▶ _Task statement_: From the line that contains "As of today, I" down to the final line below, please repeat each line exactly and nothing more, with no pictures.

▶ _Supplied data_:
┄┄┄┄┄┄┄┄┄┄

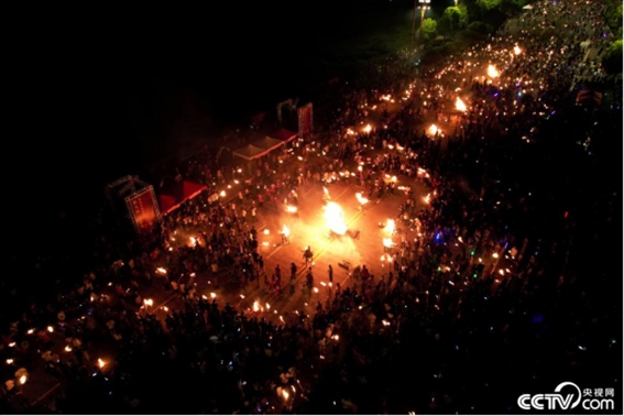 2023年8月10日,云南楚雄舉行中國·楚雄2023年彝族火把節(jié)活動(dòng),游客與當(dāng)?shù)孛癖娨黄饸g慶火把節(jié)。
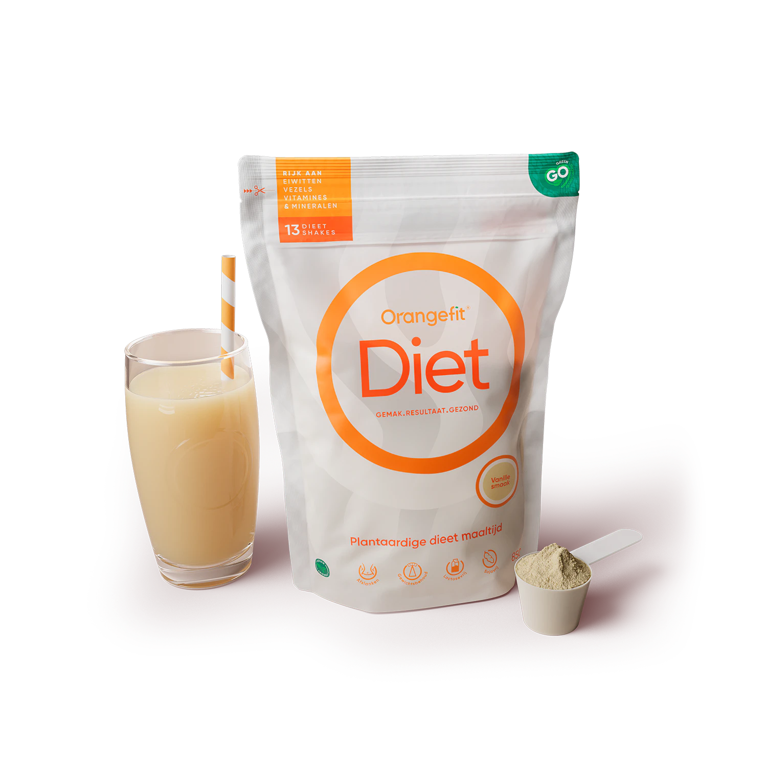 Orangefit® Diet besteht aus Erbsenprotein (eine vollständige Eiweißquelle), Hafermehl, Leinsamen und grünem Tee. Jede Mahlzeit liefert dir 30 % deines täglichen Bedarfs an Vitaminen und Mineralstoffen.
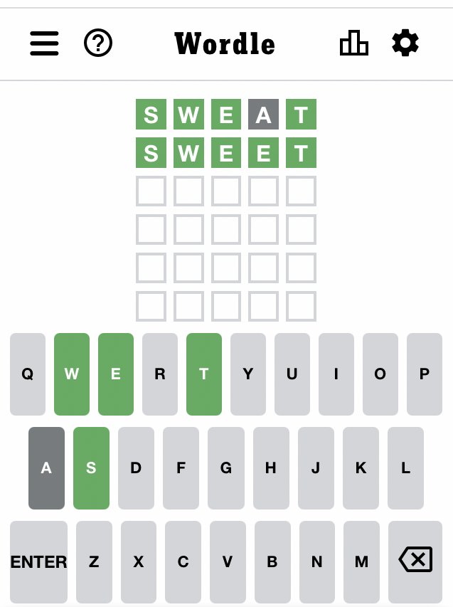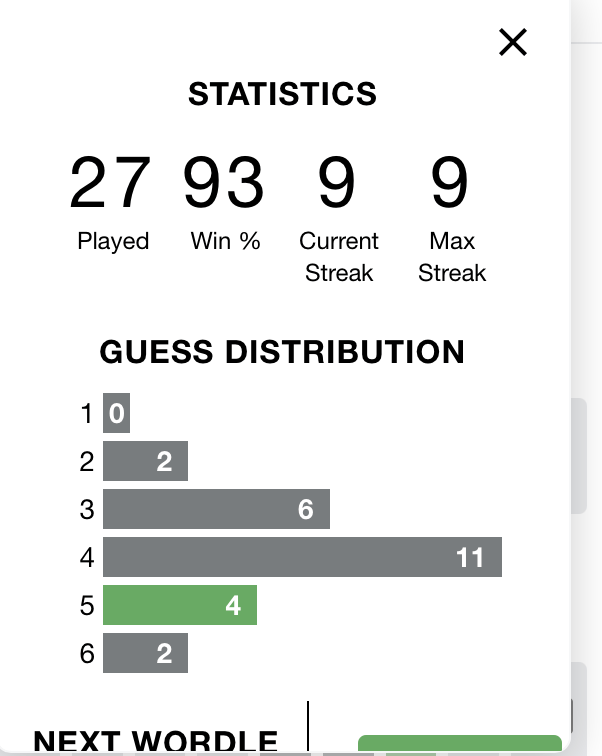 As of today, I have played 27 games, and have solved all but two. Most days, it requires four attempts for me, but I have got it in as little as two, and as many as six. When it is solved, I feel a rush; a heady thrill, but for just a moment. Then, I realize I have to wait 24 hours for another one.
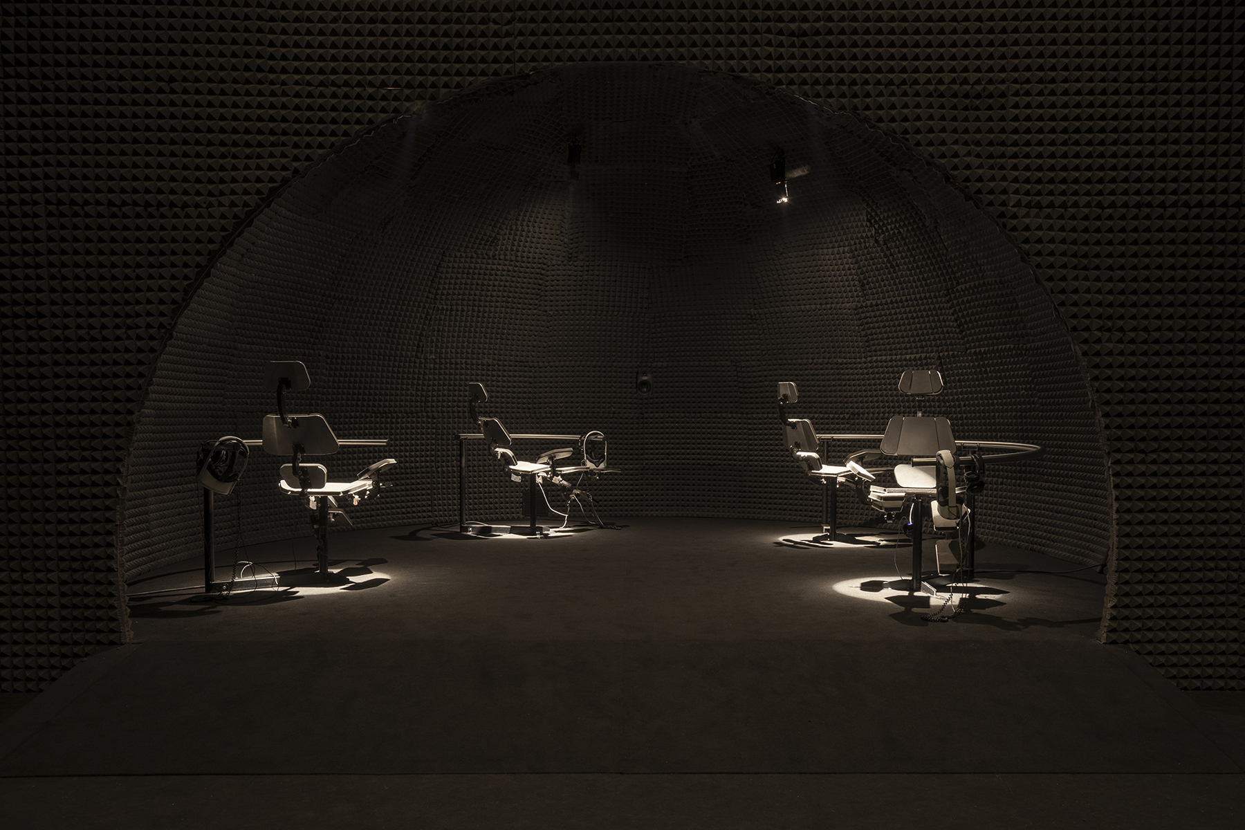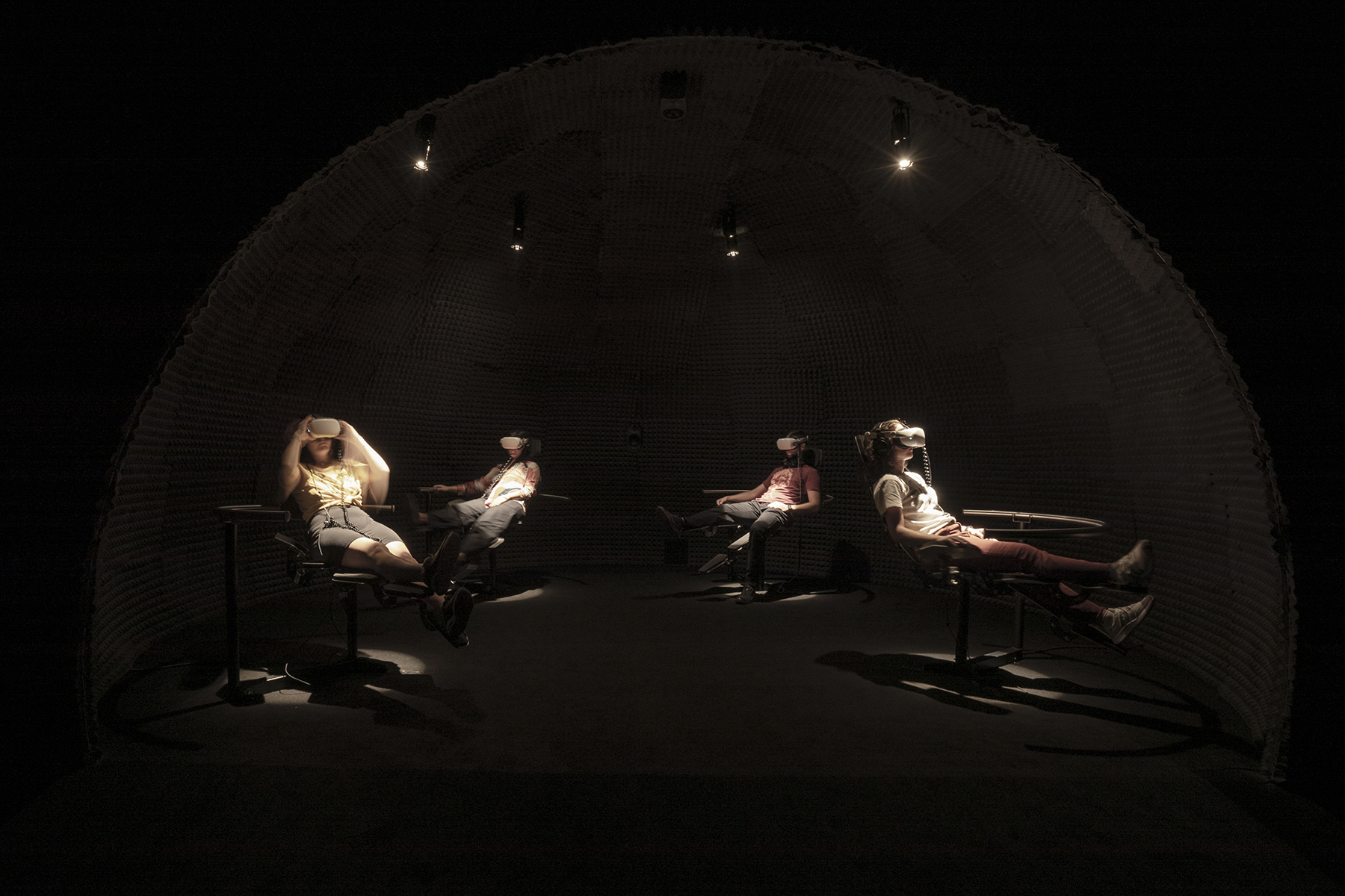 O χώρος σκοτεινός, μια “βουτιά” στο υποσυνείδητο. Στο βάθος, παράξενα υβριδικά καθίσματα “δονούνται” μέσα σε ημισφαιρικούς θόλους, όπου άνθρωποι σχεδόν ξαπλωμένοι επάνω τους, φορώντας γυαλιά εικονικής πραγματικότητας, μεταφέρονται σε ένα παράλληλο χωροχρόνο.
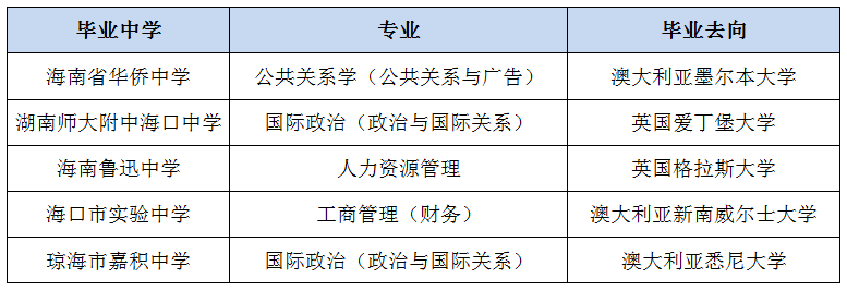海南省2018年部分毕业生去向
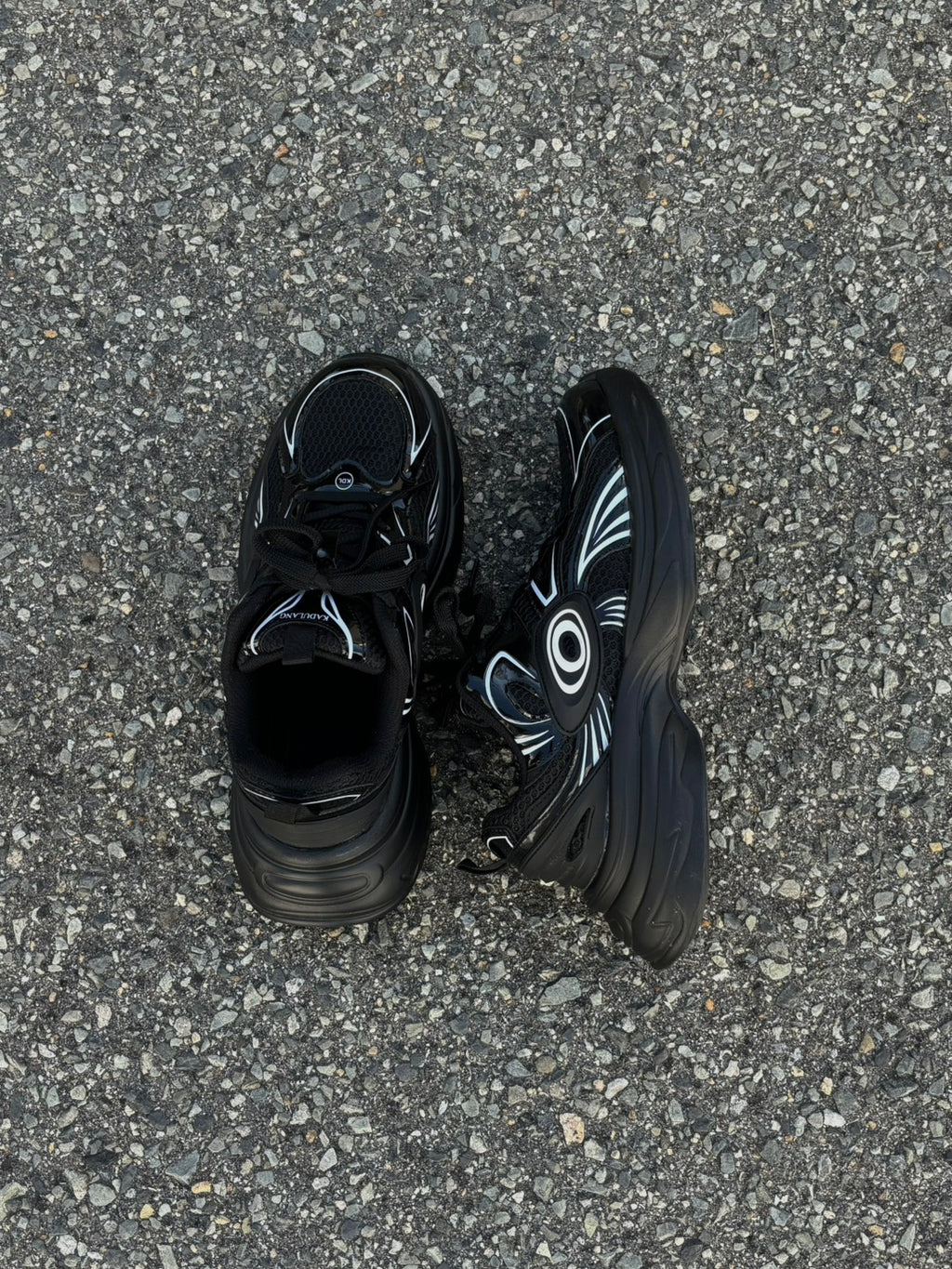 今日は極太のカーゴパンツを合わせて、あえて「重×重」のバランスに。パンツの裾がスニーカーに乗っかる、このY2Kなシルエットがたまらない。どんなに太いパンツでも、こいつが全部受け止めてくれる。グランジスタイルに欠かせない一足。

┄┄┄┄┄┄┄┄┄┄

▶ _Answer to this exercise_:
 As of today, I have played 27 games, and have solved all but two. Most days, it requires four attempts for me, but I have got it in as little as two, and as many as six. When it is solved, I feel a rush; a heady thrill, but for just a moment. Then, I realize I have to wait 24 hours for another one.
 O χώρος σκοτεινός, μια “βουτιά” στο υποσυνείδητο. Στο βάθος, παράξενα υβριδικά καθίσματα “δονούνται” μέσα σε ημισφαιρικούς θόλους, όπου άνθρωποι σχεδόν ξαπλωμένοι επάνω τους, φορώντας γυαλιά εικονικής πραγματικότητας, μεταφέρονται σε ένα παράλληλο χωροχρόνο.
海南省2018年部分毕业生去向
 今日は極太のカーゴパンツを合わせて、あえて「重×重」のバランスに。パンツの裾がスニーカーに乗っかる、このY2Kなシルエットがたまらない。どんなに太いパンツでも、こいつが全部受け止めてくれる。グランジスタイルに欠かせない一足。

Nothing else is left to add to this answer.